2021年度EY 税務リスクと税務係争に関する調査によると、回答企業の半数以上(グローバル:53%、日本企業:45%)は、政府がCOVID-19パンデミックに対応するためにさまざまな経済政策を実施したことにより財政が圧迫されているため、今後3年間は世界各国で税務調査が強化されると予想しています。今回EYでは、2020年第4四半期に、60の国と地域と20の業界セクターにおける1,265名の税務・財務リーダーの見解を詳しく調査しました。これは今までの調査の中で最大のサンプル数となっています。
回答を寄せた各国企業の税務リーダーは、パンデミック関連の最大の税務リスク分野として、海外で足止めされている従業員、パンデミックに関連する経済的損失の扱い、租税還付の請求、さらには景気刺激策の影響を挙げました。また、パンデミックによって変化した移転価格に関連する税務リスクと、税務当局のデジタル変革の加速についても懸念しています。回答者は、日常的な業務活動の税務調査から、数十億米ドル相当の大規模な係争に至るまで、あらゆる状況において税務リスクを予想していると述べています。
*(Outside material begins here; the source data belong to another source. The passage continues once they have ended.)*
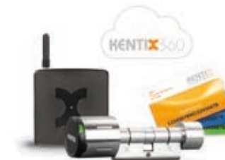
AccessManager, Online Türknäuf und Masterkartensatz

Mit einem Online Türöffner ① und einem AccessManager ② lässt sich ohne großen Montageaufwand eine komplette, fernsteuerbare Schließlösung aufbauen.
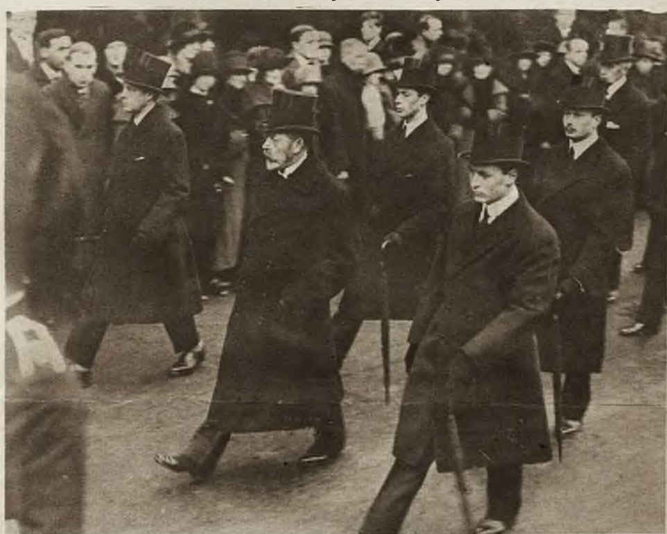
Angielska rodzina królewska w kondukcje żałobnej królowej Aleksandry. Od lewej: ks. Walji, król Jerzy, najmłodszy syn, ks. Jorku, ks. Olaf, norweski następca tronu
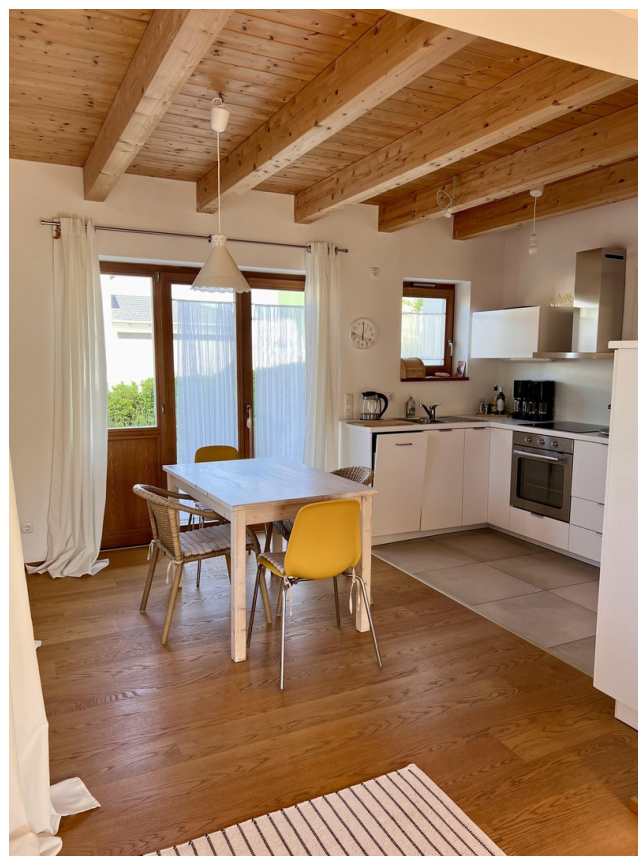
links Essbereich, Küche
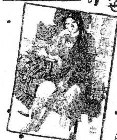
少し前に映画化されました。
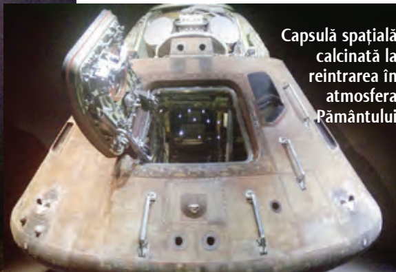
Capsulă spațială calcinată la reîntrirea în atmosfera Pământului
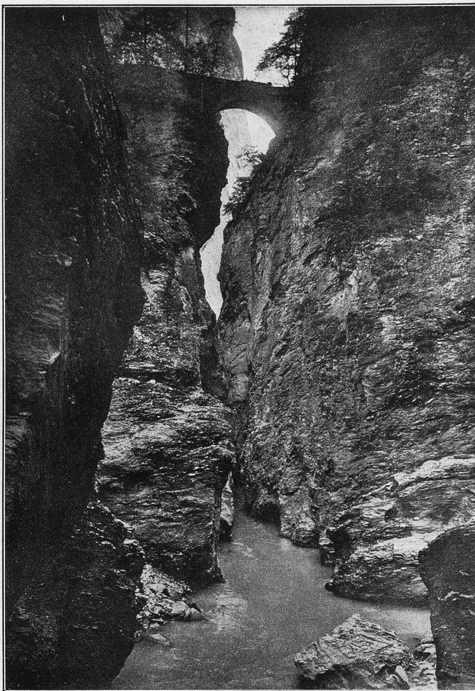
Viamala, zweite Brücke.

Tausendssassa im Handumdrehen: Er versetzte mich alsbald in einen wahren Rausch der Naturfreude und Wissbegier, als er mich mit heiligem Eifer von den Metamorphosen, Eigenheiten und Flugstätten unterrichtete, in ungezählten Schachteln und Kisten seine Raupenzucht vorführte, die Fanggeräte, Spannbretter, Fachbücher sowie die teuflischen Giftfläschchen anschleppte, wovor mich wahrlich ein gerechtes Staunen besiel. Welch eine Welt der Farbe, der Augenfreude, der wunder-
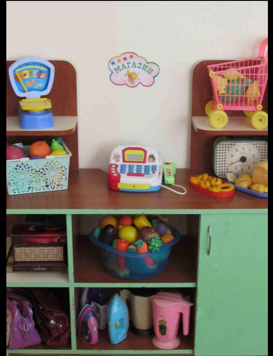
Сюжетно-ролевая игра «Магазин»
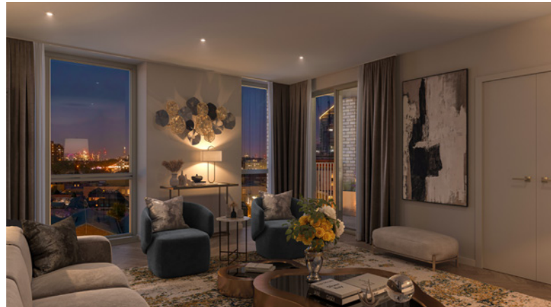
صور مصممة بمساعدة الحاسوب لتطوير كينجز رود بارك، وهي توضيحية فقط وتخضع للتغيير.
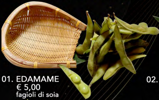
01. EDAMAME € 5,00 fagioli di soia soybeans allergeni: 6
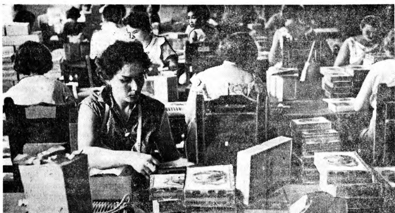
Кубын Республикын тамхнай фабрикануудай гаргадаг сига ранууд бүхы дэлхэй дээрэ суутай юм. Эдэ фабриканууды гүрэнэй мэдэлдэ абанһаа хойшо там хинай предпритиуудтахи ажалан эрхэ байдал найжаржа, ажалай бүтээсэ дээшлээ. Зураг дээрэ: Гаванадах там хинай фабрикын нэгэ цех.

сүлөөрэлгын түлөө тэмсэлэй дү-дые хэншье унтаргажа шадахаяа бодёо. Энэ дүлэн үдэр ерэхэ бү-ри сорохилон дэлгэржэ, 1959 оной январьда Батистын бай-шангиде үндөөрөн галдажа ун-гаагаа. Ингэжэ Кубын арад ган-сахан хархис хэрэгжэ ёно жура-мые илаа баша, харин Кубада эзэрхэн зонхилжо байһан моно-полие капиталые угы хэжэ, бүхэ-дэлхэйн түүхэтэ илалта туйлаа. Кубын арадай революцийн илаһанһаа хойшо оройдоо 4,5 жил үнгэрбэнь, орон дотор энэхэн богони сэг соо айхайтар ехэ амжалта туйлагдаа гэһнэ. Фидель Кастрин толгойдог рево-люционно правительство ажахы-гаа социально-политическэ бо-лон экономика талар шанад-хэн хубилгаха замаар ажалша арадаа ударидан ябана. Газарай реформо, үмсын ехэ эвринүү-дые гол түдэе америкын бай-шудулай эвэриг гүрэнэй мэдэлдэ абалга, хүдэлмэригүйдэлгэ болон үзг бэшгэ мадахагуйе усадалга —эдэ бүгдэ Кубын арадай ре-волюцийн илалтануудай аша үрэ. Америкын монополистуудай Кубада дуран соогоо эзэрхэжэ байдаг хуушанай сэг ошон ошоо. 1960 оной август нарада боло-һон удаа түгэлдэр дээрүүд мүн-өөн ханагдана. Национальна кон-грессэй байшантай хажууда Га-ванан олон түмэн ажаллид суг-ларата йэн. Тэднэр хууёо зу-галтайгаар эвээдэн байжа: «Ку-ба мандаг, янкнууд тоноло!» гэжэ байгаад алыга татаа бэй-лэй. Тэндэ юун боложо байна гэ-шье гэжэ би һонирхон бай-гаа. Тийхэдэми хэдэн кубин-цууд: «Ухажэ хосоргошодтой ха-хасажэ байнаби» гээд харуусаа йэн. Теэд яахада нимэ баяр бо-лобо гэшьеб гэхэдэми: «Хос-
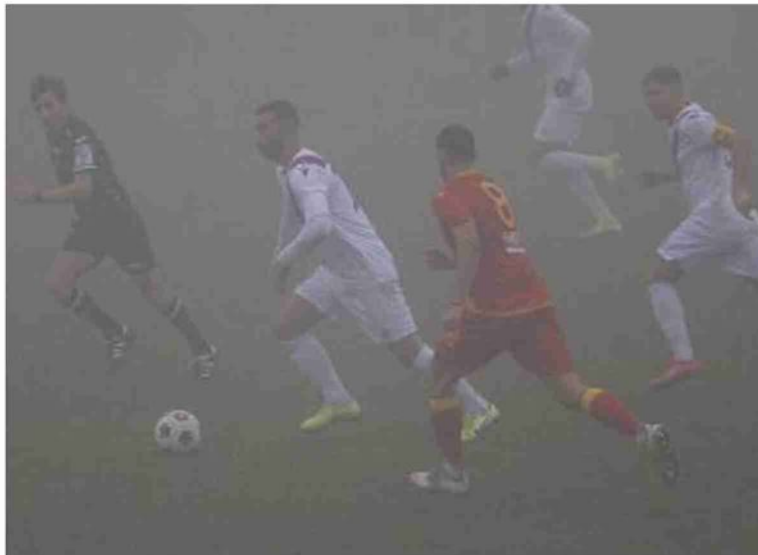
Un'azione della partita con il Progresso in attacco contro il Ravenna

Reti: 20' pt Bagatti, 31' pt rig. Saporetti. Note: ammoniti Bagatti, Rizzi, Rossi, Antonini Lui, Saporetti, Podestà.
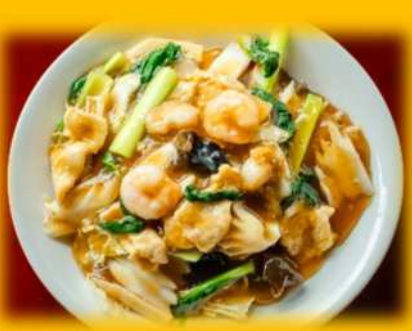
五目あんかけ焼きそば ¥1,200 ※御飯に変更可
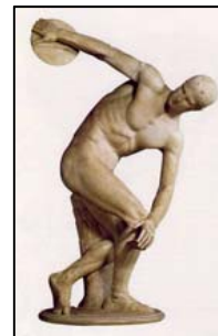
Δισκοβόλος, Μύρωνας 450 π.Χ.
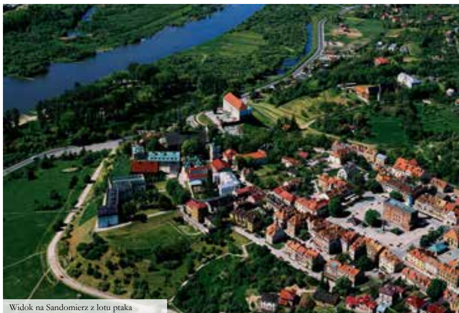
Widok na Sandomierz z lotu ptaka
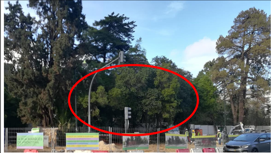
Zona de abates assinalada a encarnado
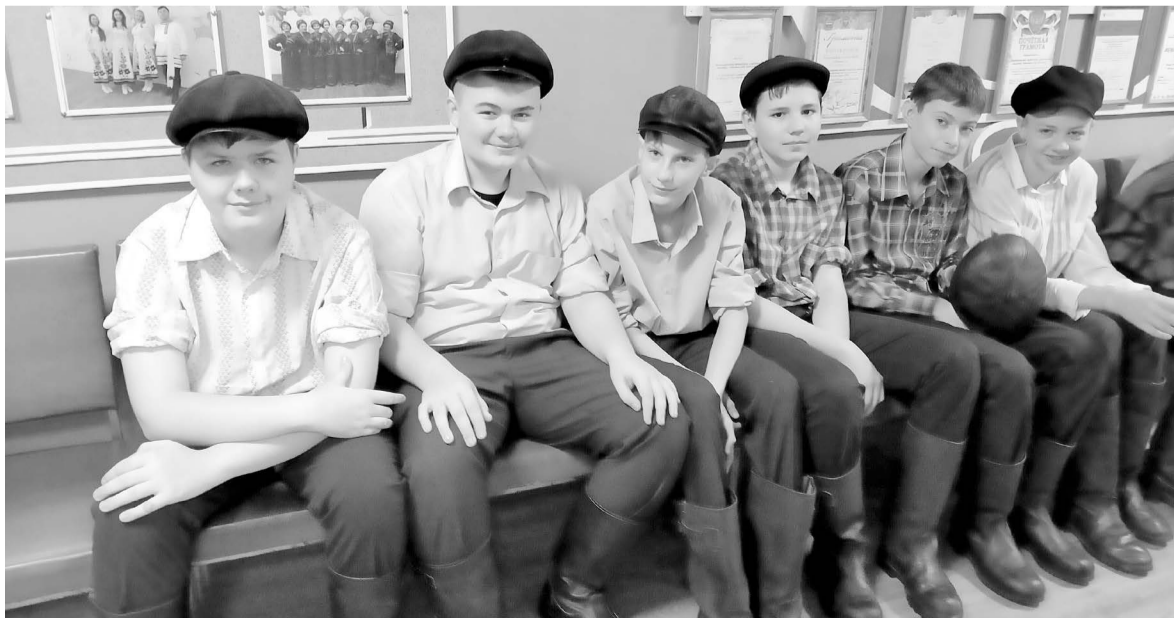
Перед выступлением на театрализованном концерте «Ромненская моя сторона»
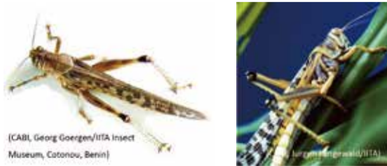
沙漠飛蝗1 防檢局提供資料 沙漠飛蝗2 防檢局提供資料

臺北市的農民朋友如於作物栽種上有任何問題，都歡迎與市農會接洽詢問，市農會視作物類別及病況邀請大學院校教授或改良場的專家學者前往訪視診斷給予適當之建議，如有診斷需求，實習植物醫師的連絡電話為(02)2707-0612分機218，農民朋友亦可請臺北市各區農會指導員協助幫忙轉介。
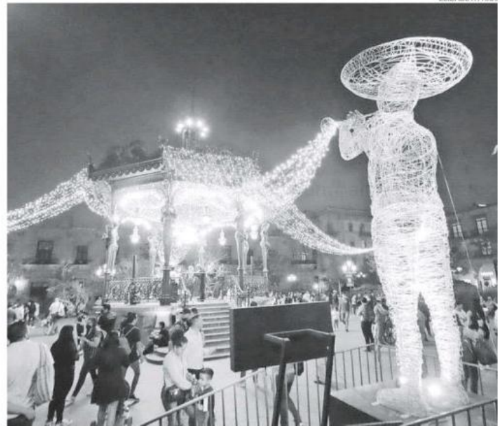
Con gran éxito se llevó a cabo el GDLuz en la ciudad.

Por otro lado, explicó que durante los primeros tres días del festival se recabaron 16 mil 865 kilogramos de desechos a
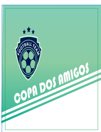
Página 01 Impressão
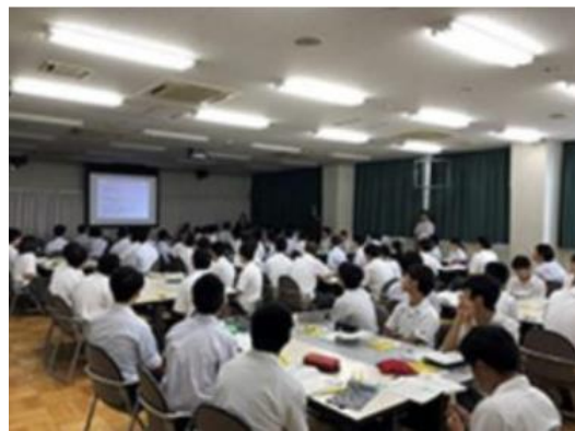
知的財産の基礎知識の説明

その結果、企業グループ全体での税務リスクの管理とそれに伴う税務係争への対応が企業の課題として急速に浮上しています。回答者の3分の2(グローバル:66%、日本企業:73%)が税務リスクの管理と税務係争への対応は、すでに税務部門にとって以前より重要になっていると述べ、経営幹部が税務問題を管理し適切に対応することに、より多くの関心を示していることが明らかになっています。
地理的には、欧州を今後3年間で最も高い税務リスクが生じる地域と見なしており、それに続くのが南北アメリカとアジア太平洋です。また、業界によっても結果は異なり、世界平均53%(日本企業:45%)に対し、メディア・エンターテインメント(57%)、石油・ガス(59%)、電気通信・ライフサイエンス(68%)の各業界の企業が、徴税の強化を予想しています。